Like much of what Biden intends to do on clean energy, the executive orders have a precedent in the Obama administration.

A 2015 executive order from then-President Obama aimed to move toward low-carbon alternatives to gas vehicles and fossil fuel power, by asking agencies to get at least 20% of their buildings’ electricity from renewable sources by fiscal 2021, and no less than 30% by fiscal 2025.

By the end of 2020, zero-emission vehicles or plug-in hybrids would have accounted for 20% of new agency acquisitions, too, and 50% by 2025 under the plan.

That produced flickers of change. In 2016, federal agencies bought nearly twice as many RECs as the previous year. And many agencies made their first forays into battery electrics and plug-in hybrids, while ramping up buys of "mild" hybrids.

"[T]he Obama administration pushed very, very hard for fleet electrification as well," wrote Sam Ori, executive director of the Energy Policy Institute at the University of Chicago, in a Jan. 28 post on Twitter. President George W. Bush also called for federal fleet managers to buy plug-in hybrids in an executive order as far back as 2007, he noted.

Evidence of difficulties emerged later.

Since the order, the percentage of all-electrics and plug-in hybrids purchased in a given year has never cracked a tenth of a percent — orders of magnitude less than Obama’s 20% goal.

In 2019, staff at the Government Accountability Office also surveyed officials at 29 federal agencies about the challenges of cutting greenhouse gas emissions from government fleets. Republican Sens. Ron Johnson of Wisconsin and James Lankford of Oklahoma commissioned the GAO report.
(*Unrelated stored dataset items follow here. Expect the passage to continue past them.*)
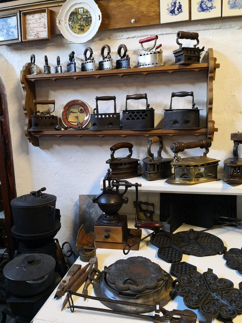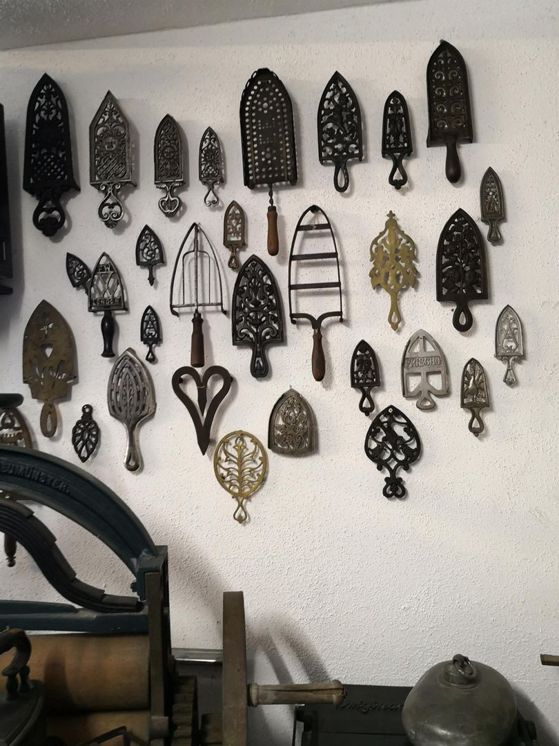 Zu bewundern sind alte Haushaltsgegenstände, darunter viele Bügeleisen und ausgefallene Bügeleisenöfen aus den längst vergangenen Epochen.
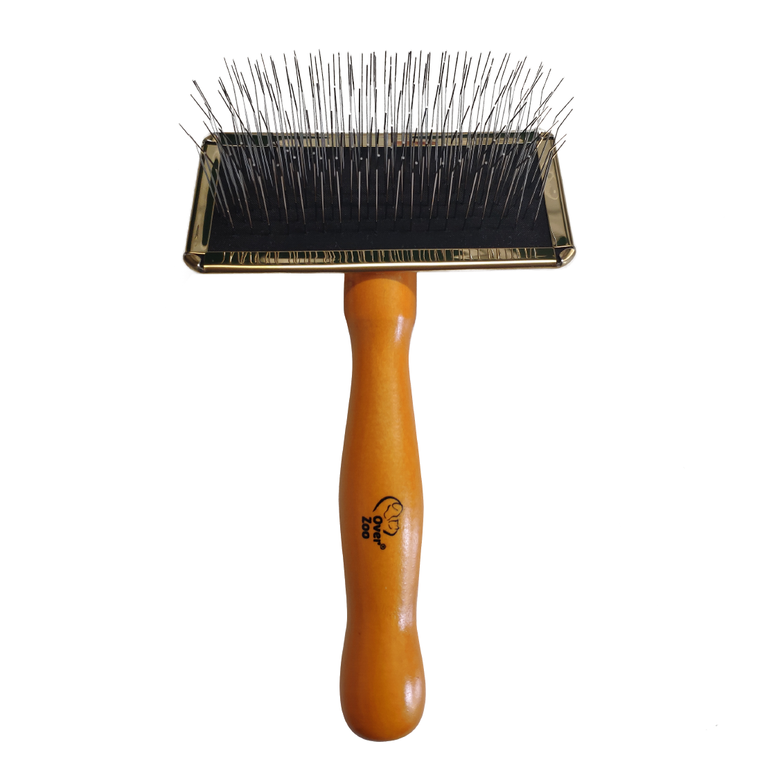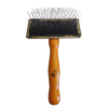 Najważniejszym elementem szczotki są długie, stalowe, lekko wygięte igły ze stali nierdzewnej, które ułatwiają pracę na głębszych warstwach sierści i pomagają rozczesywać bardziej wymagającą okrywę włosową. Gumowa poduszka amortyzuje nacisk i sprawia, że szczotka lepiej dopasowuje się do ciała zwierzęcia podczas pielęgnacji. Całość uzupełnia drewniany uchwyt o ergonomicznym kształcie, który dobrze leży w dłoni i ułatwia pewne prowadzenie szczotki.
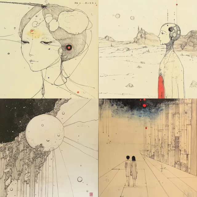 Композиции часто лаконичны, в них основное внимание уделяется взаимодействию пространства и формы, что создаёт ощущение спокойствия и созерцательности. Этот подход прекрасно подходит для передачи футуристических и концептуальных тем, предлагая мечтательный взгляд на гипотетические миры.
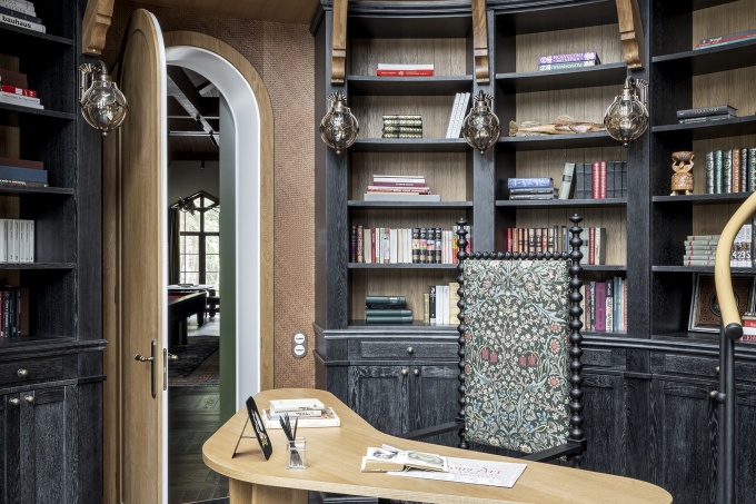 Чтобы не спорить с природой, дом решили построить одноэтажный, но с огромными окнами. Дизайнер признается, что на необычную форму оконных рам, ее вдохновил собственный дом Константина Мельникова в арбатских переулках. Но пытливый глаз найдет в интерьере оммажи и другим великим: от Фрэнка Ллойда Райта до Антонио Гауди и Уильма Моррриса.
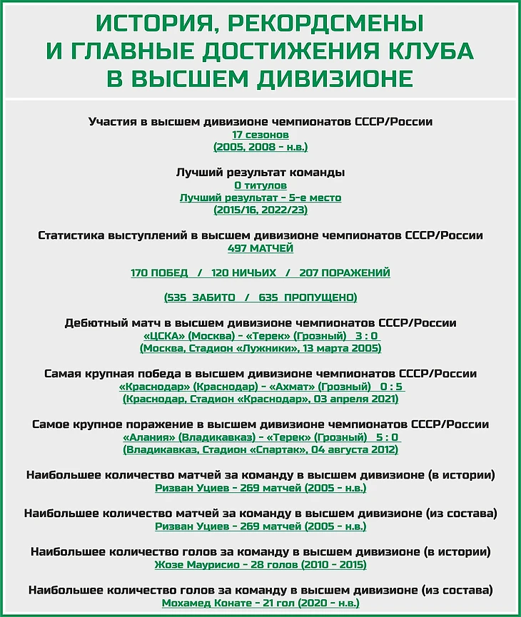 Несмотря на то, что грозненский клуб официально существует аж с 1946 года, впервые в высшей Лиге отечественного футбола команда сыграла лишь в 2005-м году (да и то неудачно, заняв в том сезоне последнее 16-е место в турнире и вылетев назад в Первую Лигу).

Agency officials told the watchdog that a lack of charging infrastructure and the high initial costs of plug-ins and full electrics made them "challenging … to acquire on a large scale." They also reported the need for vans, trucks and other large vehicles, which often didn’t come in electrified models. Those heavier weight classes make up about 140,000 of the 650,000-vehicle federal fleet.

In fiscal 2017, agencies bought 373 plug-in hybrids or battery electric vehicles, and spent $10.5 million in extra funds to do it, GAO found. It noted that to meet Obama’s requirements, those 373 purchases would have had to become 3,000, starting in 2020.
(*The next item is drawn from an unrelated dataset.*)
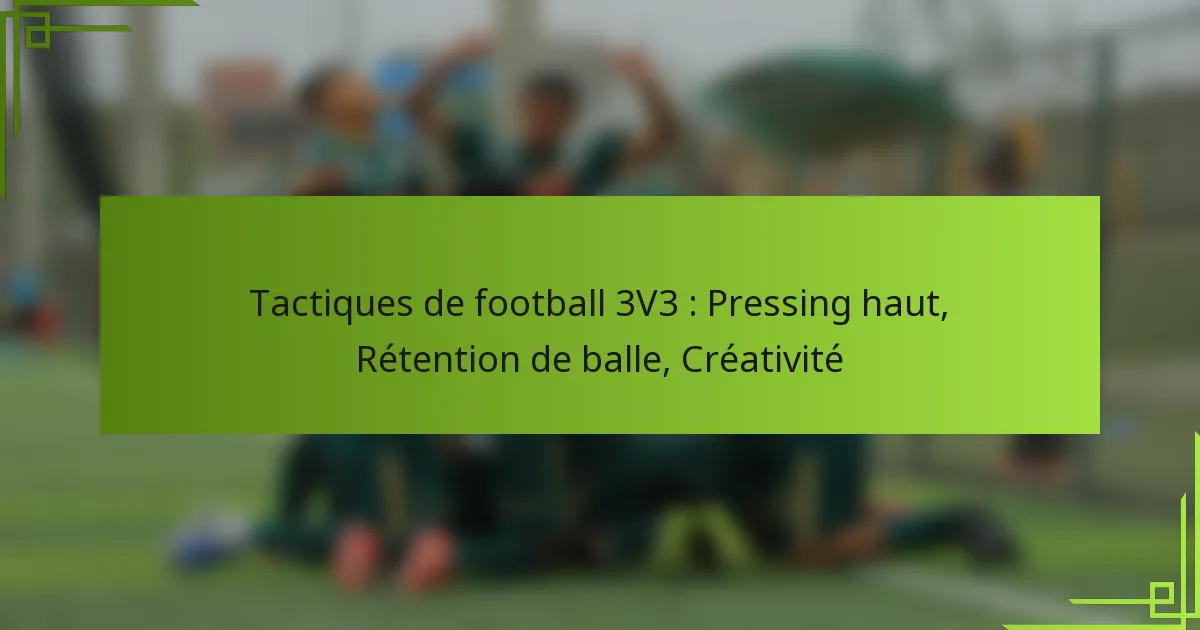 Les tactiques clés dans le football 3v3 incluent le pressing haut, la conservation du ballon et la créativité. Ces stratégies améliorent les performances de l’équipe en favorisant une défense agressive, en maintenant la possession et en encourageant un jeu innovant.
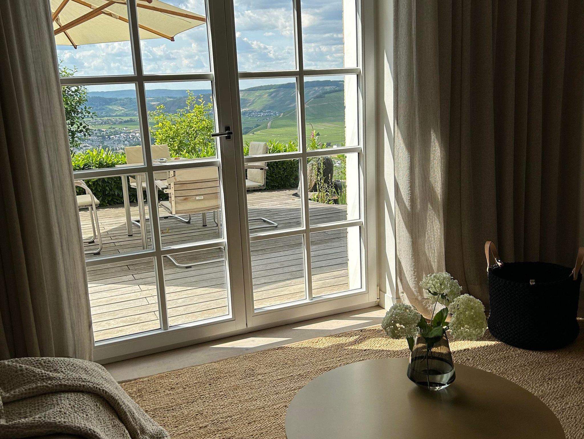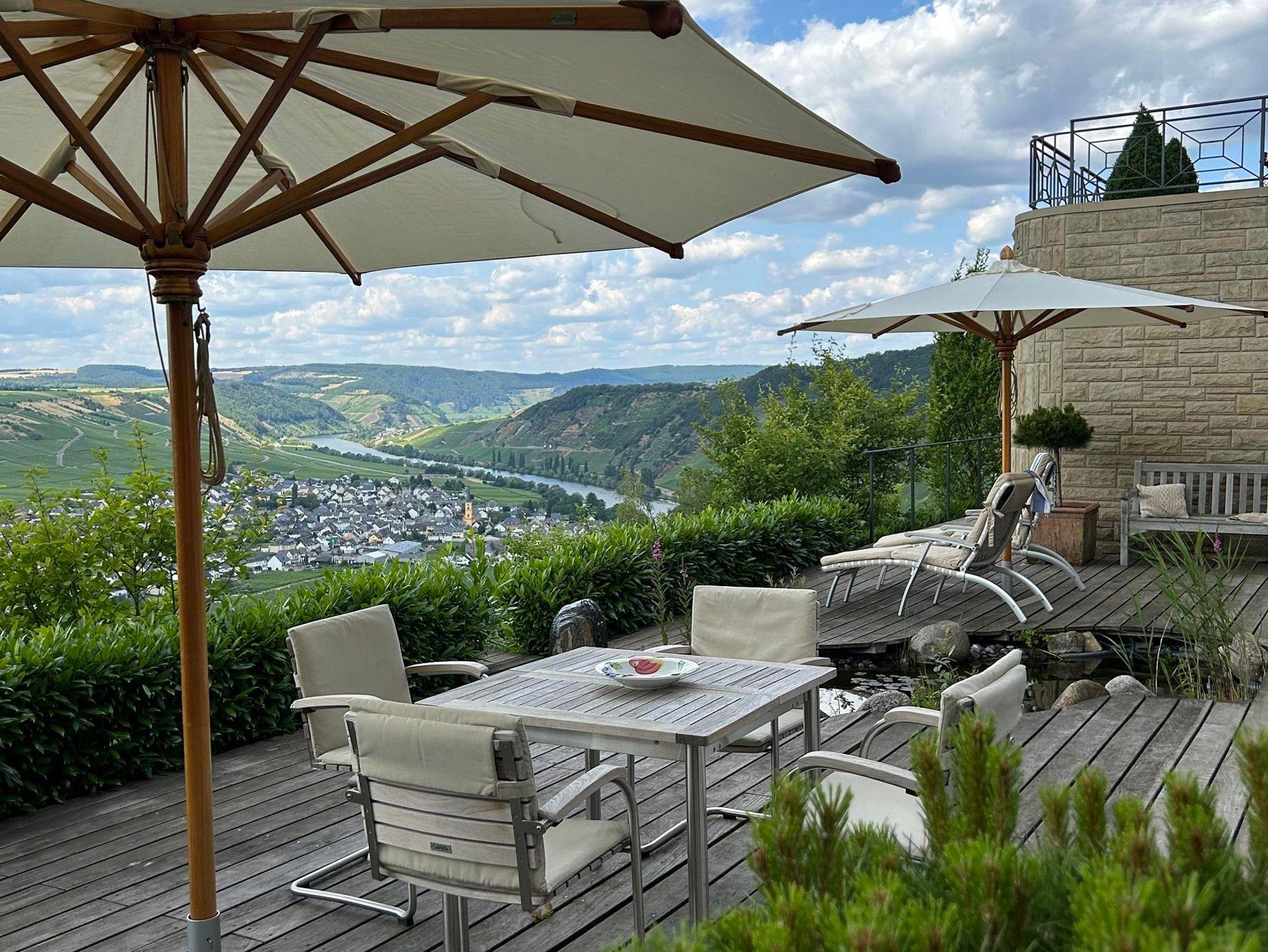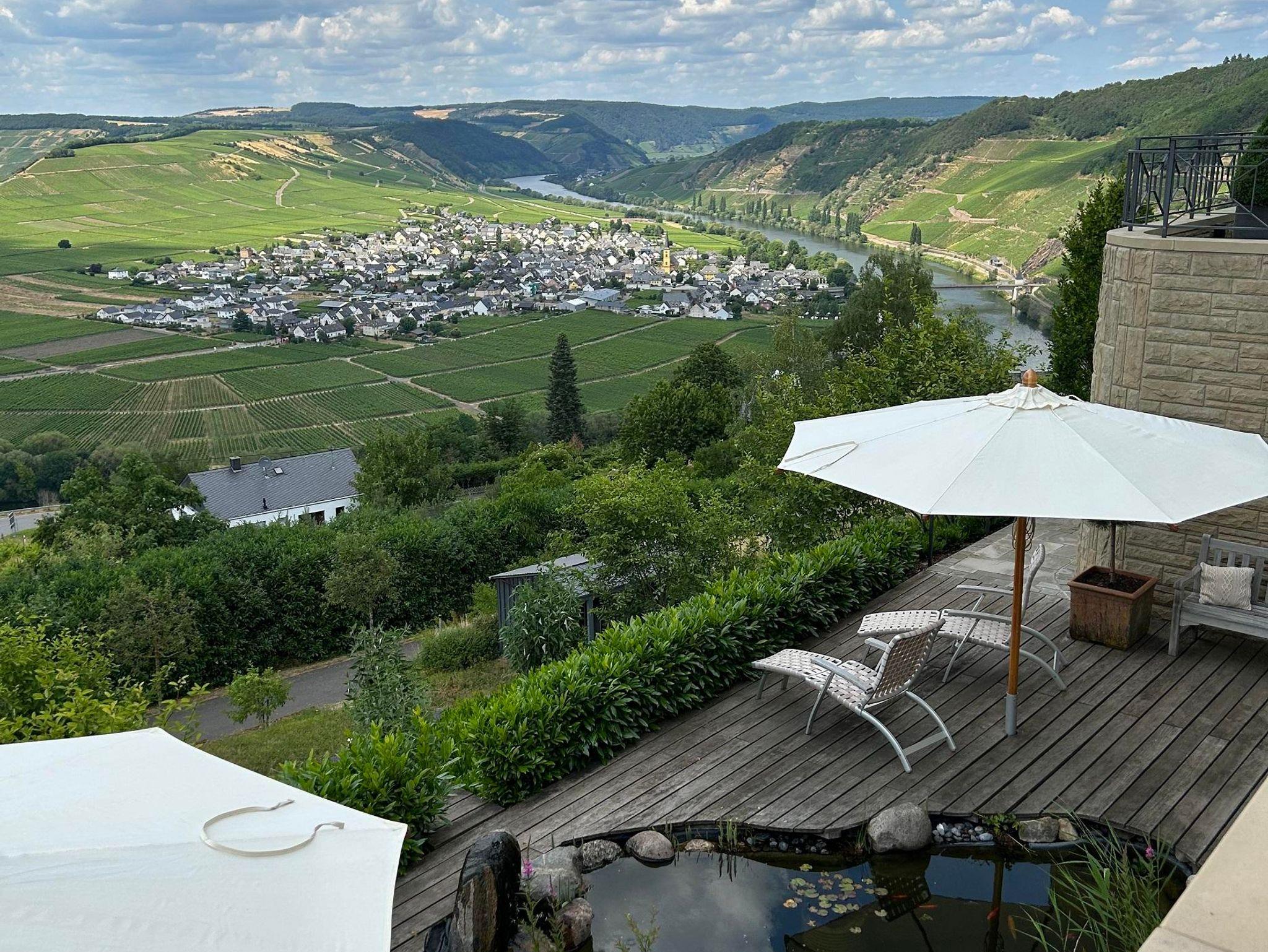 Bei uns wohnen Sie am Waldrand mit einem traumhaften Blick über die Weite des Tals, seinen Steillagen und einer der schönsten Moselschleifen.

That 2020 requirement never fully kicked in, though: In 2018, President Trump revoked Obama’s order, and federal purchases of clean cars and renewable credits slumped.

The problems involving electric models’ availability and cost, as identified in the GAO report, are likely to diminish over coming years. Automakers are rolling out dozens of battery-electric models in coming years, including for medium- and heavy-duty vehicle classes. Some, like General Motors Co., are planning to phase out gas cars entirely. Most auto analysts expect the upfront cost of many EVs to hit parity with gas versions by around middecade, if not sooner.

The picture is similar for the costs of wind and solar power, along with the lithium-ion batteries that back them as storage assets. But given the humble size of the United States’ EV market, federal procurements could prove especially meaningful as a near-term source of demand, said Ori. About 296,000 EVs were sold in the United States in 2020, according to S&P Global Platts Analytics.

"If federal agencies buy tens of thousands of EVs per year, that could have an impact," he said. "With the size of the market right now, that’s not insignificant."

"It’s an interesting goal," added Ori, in reference to Biden’s orders. "I think there’s some value in it. But it’s going to be very hard to do."